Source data
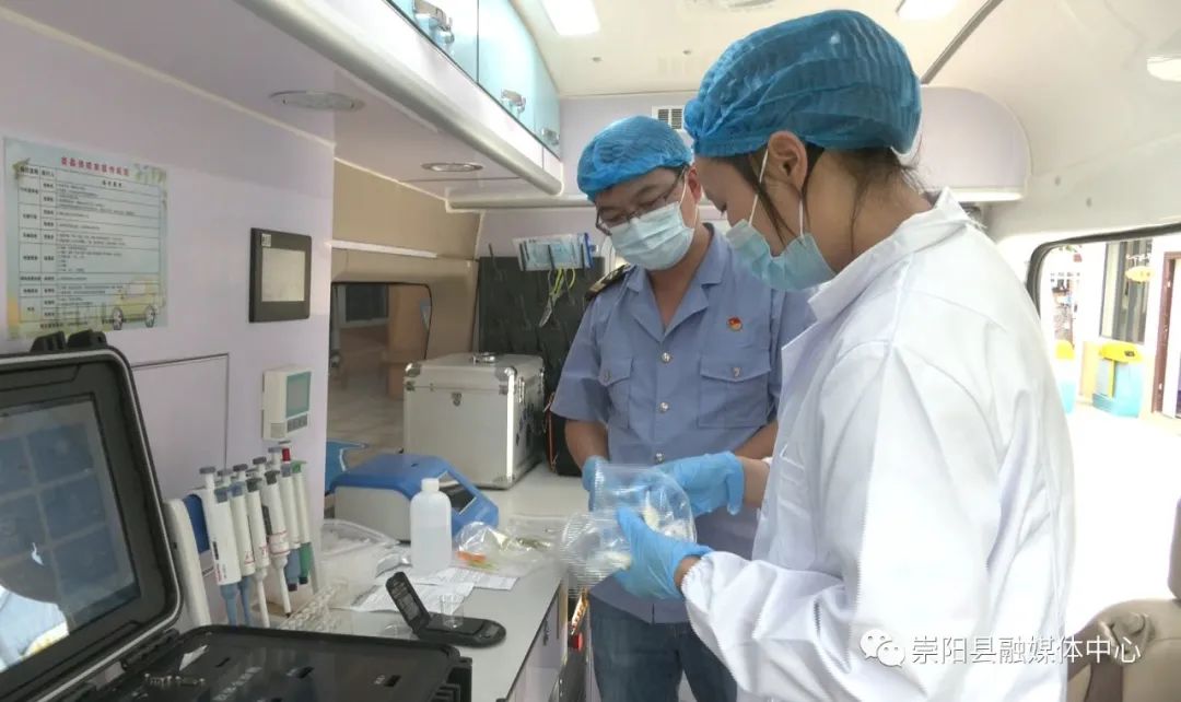 在崇陽縣第二幼兒園,檢測人員正在為采樣做準備,在將專業(yè)儀器、設(shè)備調(diào)試好后,對校園食堂里已經(jīng)過消毒的餐具進行拭子采樣,隨后將采樣的拭子放入檢測儀器中。
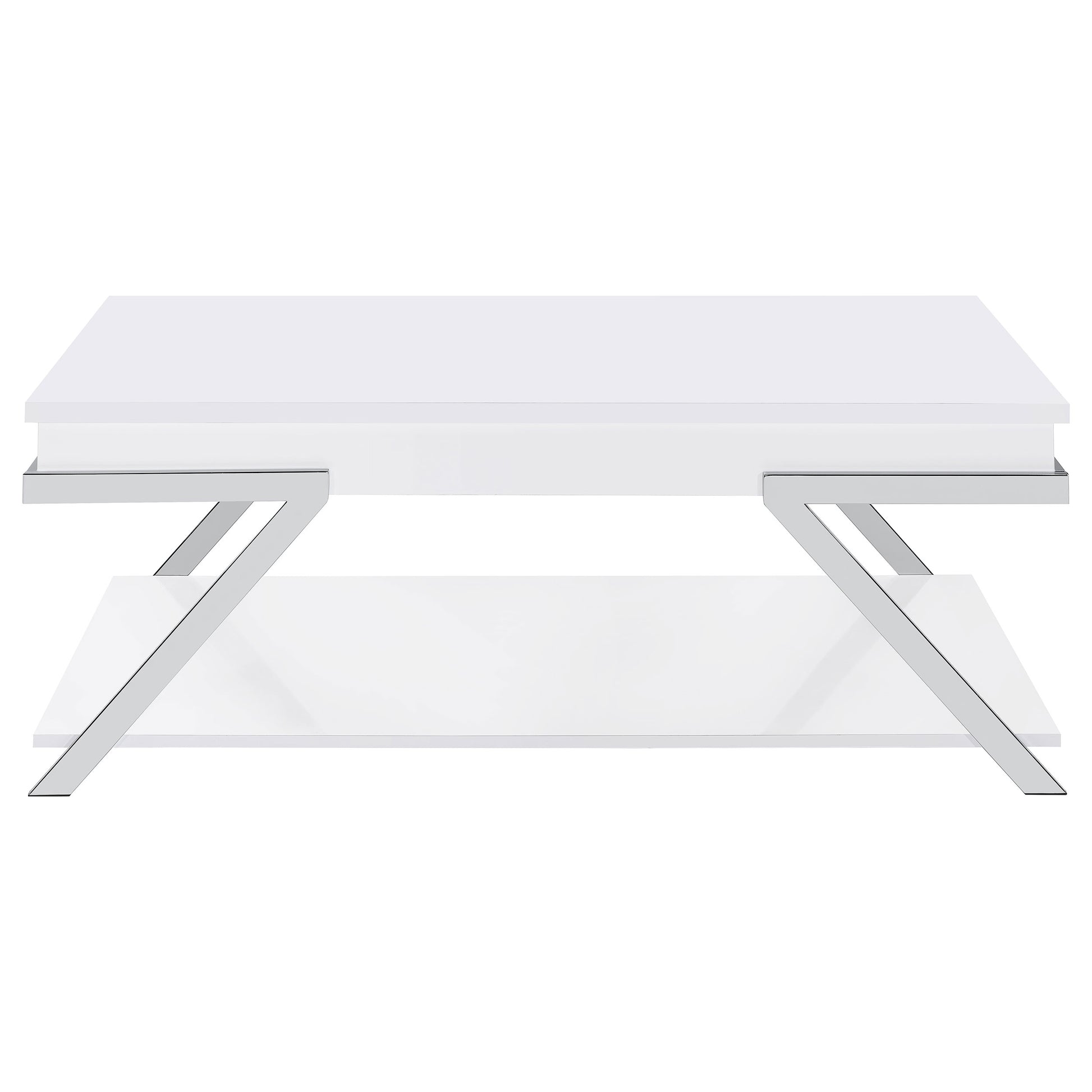 Capture the stylish, inspired look of effortless design suited to modern spaces. This ultra-contemporary lift-top coffee table made of white high gloss finish MDF with paper coating creates a stir in your laid-back living room or family room. Angular metal framing adds a fresh aesthetic boost. A modular-like configuration works well in today’s trending spaces as this table features a lift-top mechanism to reveal extra hidden storage and allow its top to inch closer to you. Seek a seamless contemporary attitude with this stylish coffee table.
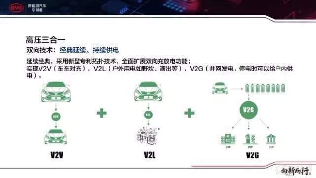 正在“供电”方面,比亚迪采用新型专利拓扑本领,扩展双向充放电效力,从而告终车车对充(V2V)、户外用电(V2L)和停电时给户内供电(V2G)。可能领会为比亚迪新能源车是一块大型的“挪动电源”,不只可能给其他比亚迪新能源车充电,到野外还能给用电修立供电,暖锅、炒菜都不是题目。
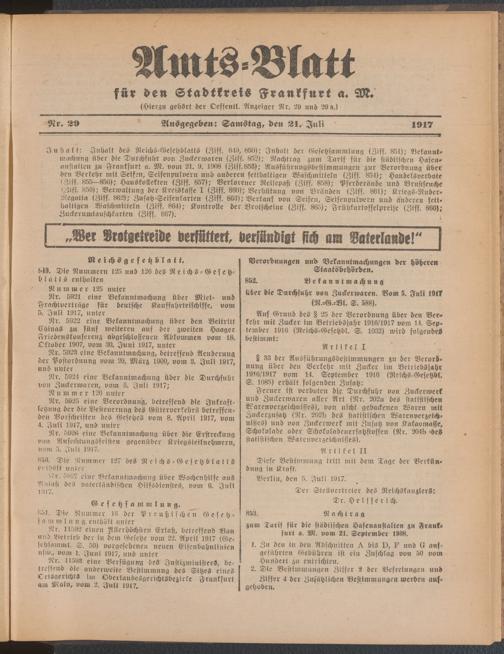 Amtsblatt für den Stadtkreis Frankfurt a.M.....
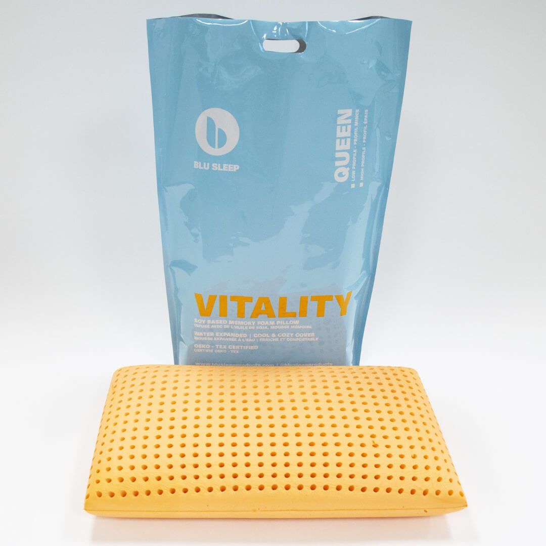 Obtenez une meilleure qualité de sommeil avec notre oreiller en mousse à mémoire Vitality. Cet oreiller est infusé de soja hydratant. La sensation de peluche de l’oreiller Vitality soutient également votre tête et votre cou et réduit les points de pression.
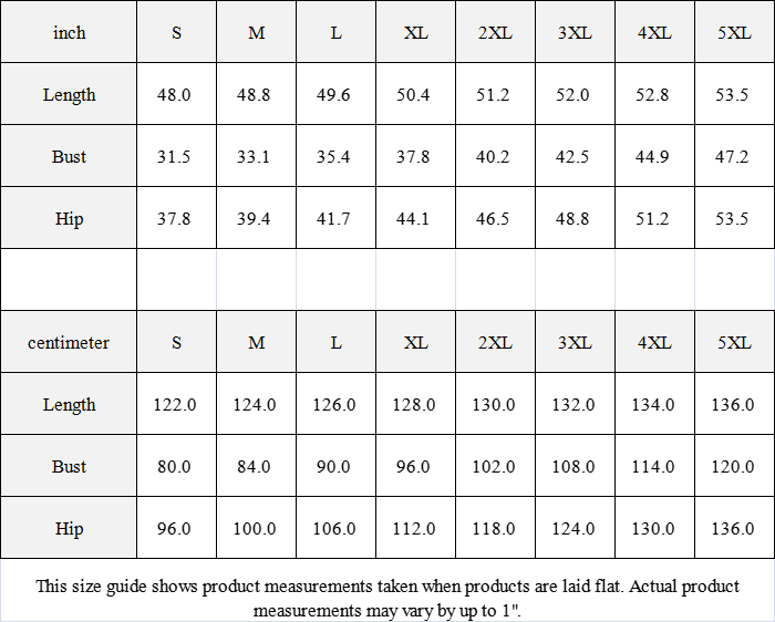 | inch | S | M | L | XL | 2XL | 3XL | 4XL | 5XL |
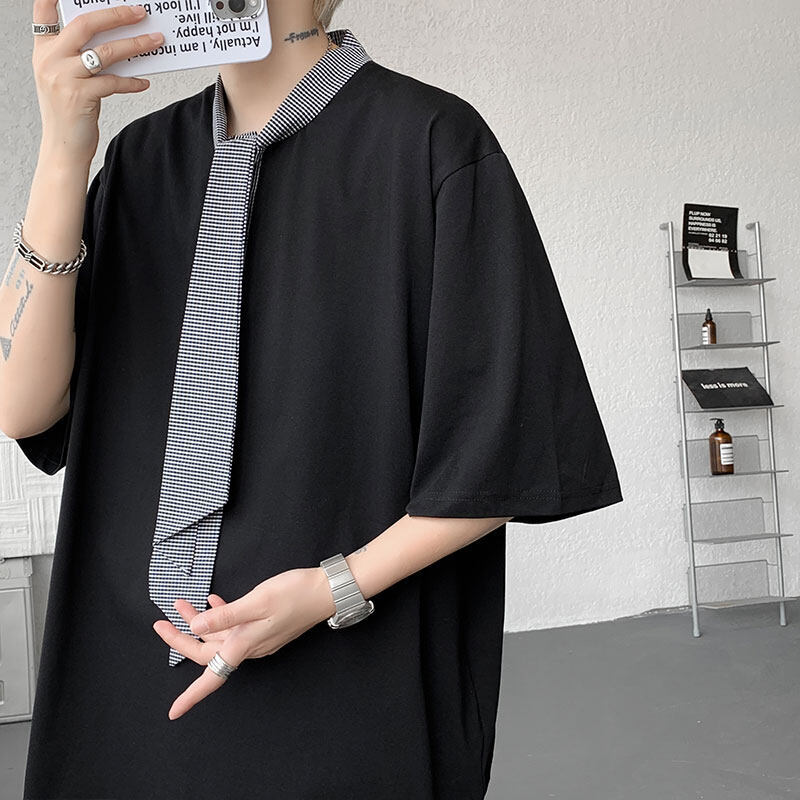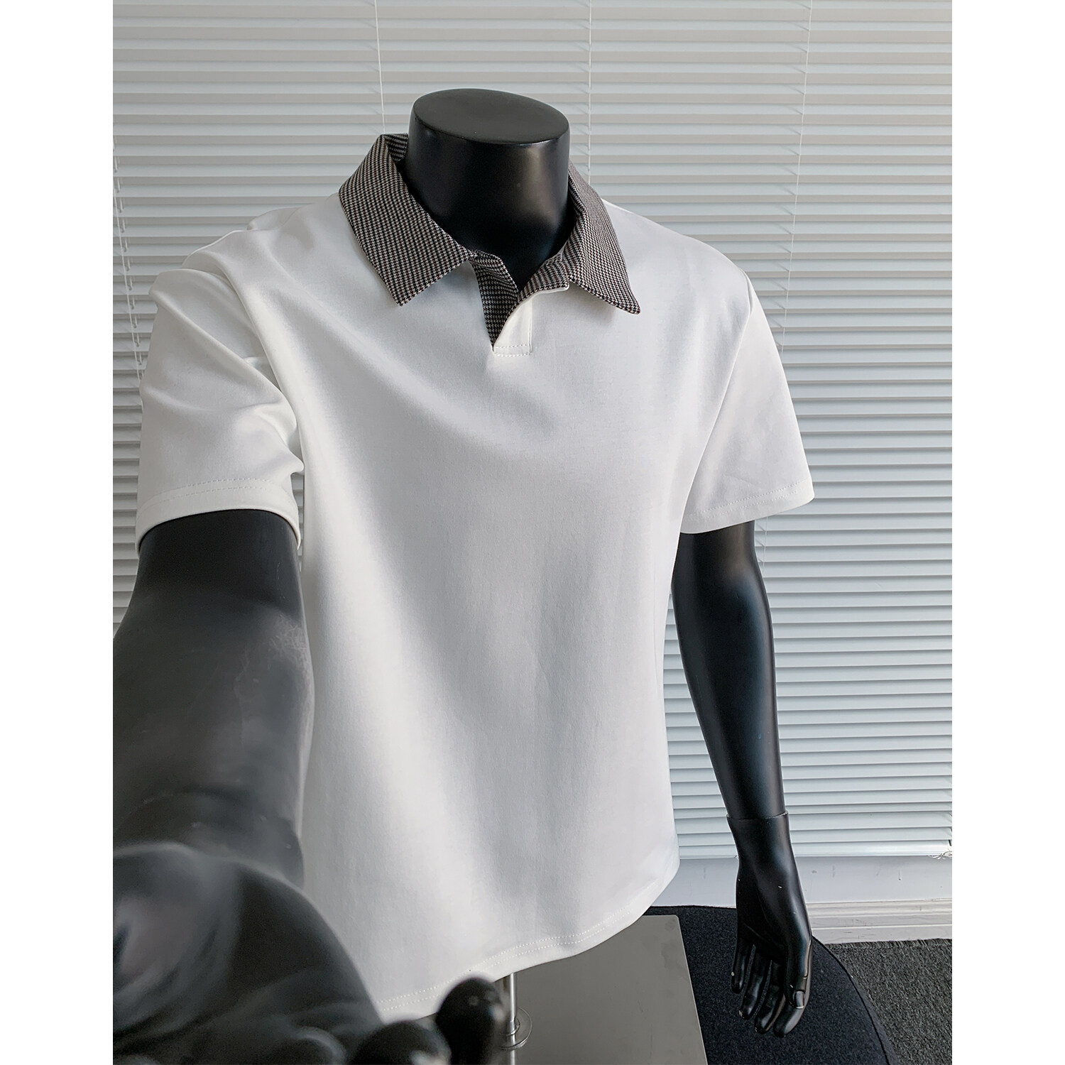 夏服新作tシャツ千鳥格ステッチ折り襟半袖tシャツpoloシャツ夏メンズ半袖poloシャツ

**REQUIREMENT**
Restate every line of the data above word for word, with the images removed.

**WRITTEN REPLY**
 在崇陽縣第二幼兒園,檢測人員正在為采樣做準備,在將專業(yè)儀器、設(shè)備調(diào)試好后,對校園食堂里已經(jīng)過消毒的餐具進行拭子采樣,隨后將采樣的拭子放入檢測儀器中。
 Capture the stylish, inspired look of effortless design suited to modern spaces. This ultra-contemporary lift-top coffee table made of white high gloss finish MDF with paper coating creates a stir in your laid-back living room or family room. Angular metal framing adds a fresh aesthetic boost. A modular-like configuration works well in today’s trending spaces as this table features a lift-top mechanism to reveal extra hidden storage and allow its top to inch closer to you. Seek a seamless contemporary attitude with this stylish coffee table.
 正在“供电”方面,比亚迪采用新型专利拓扑本领,扩展双向充放电效力,从而告终车车对充(V2V)、户外用电(V2L)和停电时给户内供电(V2G)。可能领会为比亚迪新能源车是一块大型的“挪动电源”,不只可能给其他比亚迪新能源车充电,到野外还能给用电修立供电,暖锅、炒菜都不是题目。
 Amtsblatt für den Stadtkreis Frankfurt a.M.....
 Obtenez une meilleure qualité de sommeil avec notre oreiller en mousse à mémoire Vitality. Cet oreiller est infusé de soja hydratant. La sensation de peluche de l’oreiller Vitality soutient également votre tête et votre cou et réduit les points de pression.
 | inch | S | M | L | XL | 2XL | 3XL | 4XL | 5XL |
 夏服新作tシャツ千鳥格ステッチ折り襟半袖tシャツpoloシャツ夏メンズ半袖poloシャツ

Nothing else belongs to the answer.